Finally, the automaker was involved in litigation with the antitrust division of the Dept. of Justice over its overwhelming monopoly of bus manufacturing for decades.

Overall, it's a pretty spotty article. — Preceding unsigned comment added by Tramfish (talkcontribs) 12:43, 11 April 2019 (UTC)

The place to discuss potential improvements to the article is Talk:General Motors streetcar conspiracy, supporting your suggestions with references to published reliable sources. --David Biddulph (talk) 12:50, 11 April 2019 (UTC)

Help with non reliable sources

help, ive attempted to make an article on the southend local elections. I inputed 3 sources. the first one Is a guide to the 2019 local elections as a whole by the electoral commission which I believe is very reputable as it is a government agency. The second was a Wikipedia article on the 2018 elections which was used to show the results of the 2018 elections However guessing this may be one of the problems I replaced it with a new government resource which I believe is more reputable. the last one may be where the problem comes from which is a southend echo article However it is simply to state fact This means that the Labour party are defending 2 council seats (However the Labour councillor for the Kursaal ward Judith Mchmahon defected to the Conservatives [2] .) Can you please help I believe my sources are quite reputable. especially since he stated all the sources are unacceptable including the government source — Preceding unsigned comment added by Fatguyinthedeli (talkcontribs) 22:38, 9 April 2019 (UTC)

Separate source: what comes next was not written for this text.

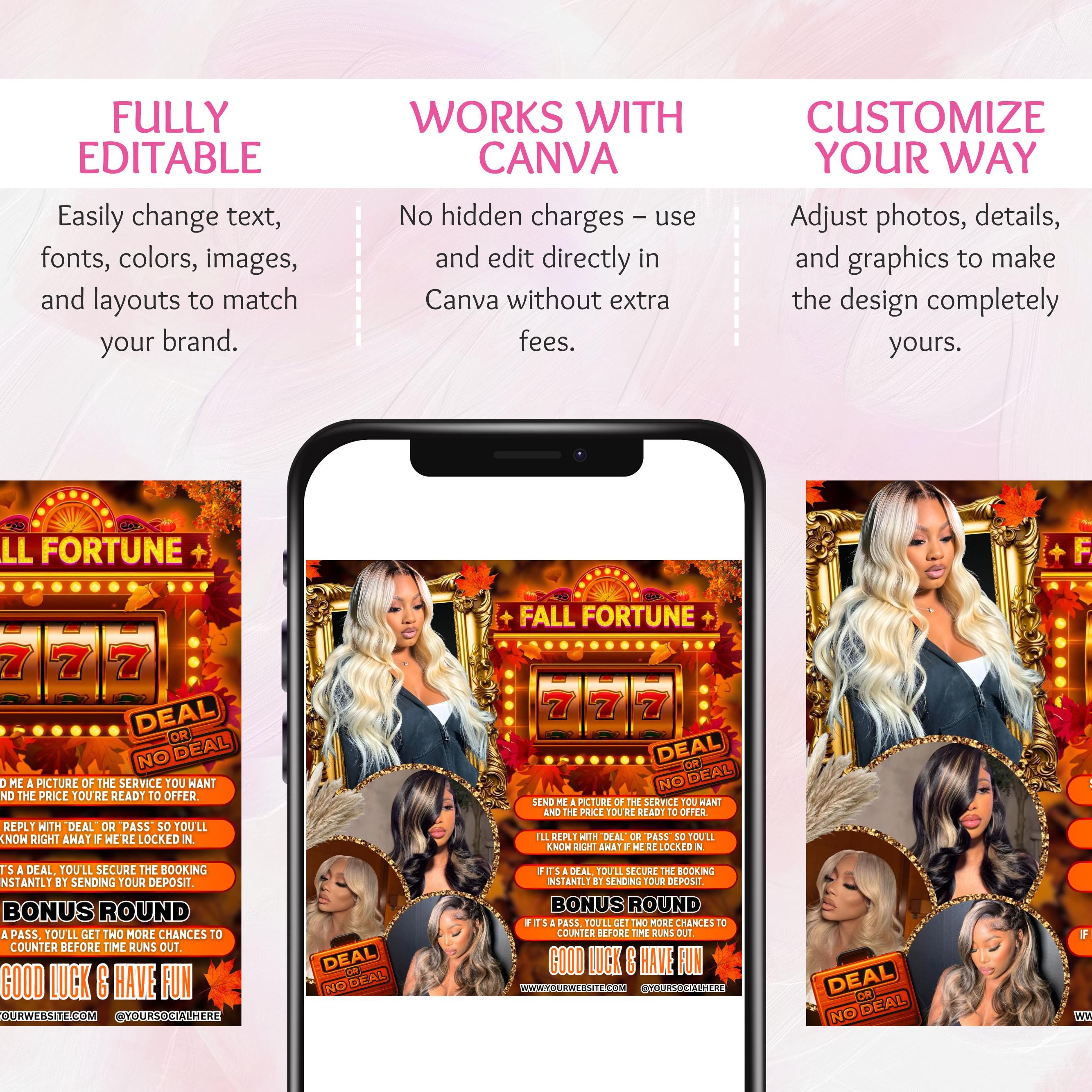 November Deal or No Deal Flyer, November Booking Flyer, November Game Flyer, Deal or No Deal Nail, Deal or No Deal Hair, Canva Editable

Fatguyinthedeli: You already avoided one major problem, enwiki or other wikis cannot be used as source, and wikilinks don't help for missing sources. You could add a references section at the bottom, two lines…
== References ==
…followed by an empty line. There's no good place to add your references or your who-ended-up-where info, you could add this at the end of the lede (lead). Example for one of your three sources:
<ref>{{cite web 
 |title=Election Results |year=2018 |work=[[Southend-on-Sea Borough Council]] 
 |accessdate=11 April 2019}}</ref>
All in one long line, split here for readability. Maybe cheat with the title, it could be also "2018 Borough Council Election", found on the source below "Election Results". – (talk) 13:23, 11 April 2019 (UTC)

Inappropriate comments in an entry

The entry for Bacchus is littered with Neo-nazi commentary--"Sieg heil Lord Hitler," etc.

Can someone remove them? — Preceding unsigned comment added by (talk) 18:31, 9 April 2019 (UTC)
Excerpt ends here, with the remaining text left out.